Уборная ничем не напоминала скромной уютной комнатки Дженни в театре «Ройял» в Бартон–Спа. Она предназначалась для премьера лондонского театра «Олимпик». На столе пестрели цветы в вазах и сверкали хрустальные графины, а над ним висело роскошное, ярко освещенное большое зеркало. Ковер, софа и стулья были темно–малинового цвета. И Джулиан Напье в костюме Гамлета, поверх которого он теперь набросил широкий шелковый халат, был очень красив и импозантен, как и подобает настоящему лондонскому премьеру. Он улыбался, что–то весело мурлыкал и явно был в восторге от самого себя и от всего мира. Он швырнул письма и записки на стол, налил себе порядочную порцию бренди и уселся перед зеркалом, собираясь разгримировываться. В дверь постучали.
Вошедший был толстяк средних лет, длинноволосый, с желтоватым лицом и иссиня–черной козлиной бородкой. Держался он подчеркнуто торжественно, смотрел холодным пристальным взглядом, говорил в нос, растягивая слова, — словом, это был настоящий янки старых времен.
— Мистер Джулиан Напье, — важно начал он.
— Да, сэр, — надменно отвечал Напье. — А вы кто?
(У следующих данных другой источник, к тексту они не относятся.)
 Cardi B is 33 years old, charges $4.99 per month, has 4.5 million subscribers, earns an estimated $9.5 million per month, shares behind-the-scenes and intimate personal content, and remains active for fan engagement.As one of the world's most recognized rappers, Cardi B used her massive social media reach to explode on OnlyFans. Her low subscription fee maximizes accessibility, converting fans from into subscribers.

— Джекоб Дж.Манглс, сэр, из Нью–Йорка, — отвечал тот, доставая визитную карточку. — Отлично известен миссис Брогэм и всем ведущим импресарио Лондона, мистер Напье.
— Вы были на спектакле, мистер Манглс?
— Имел удовольствие, мистер Напье, и должен вас поздравить с прекрасным исполнением Благородного Датчанина. Чрезвычайно ловко сыграно, мистер Напье.
— Благодарю вас, мистер Манглс. Выпьете со мной?
— Не теперь, сэр, благодарю вас, мой друг миссис Брогам ожидает меня в своем кабинете. Но хочу вам сказать, мистер Напье, что для вас уже приготовлена целая куча долларов и двести тысяч наших лучших граждан мечтают о том дне, когда Джекоб Дж.Манглс даст им возможность увидеть вас в роли Гамлета и во всех ролях, которые вам желательно будет сыграть на Бродвее или где–либо в другом месте. Ваши условия, мистер Напье?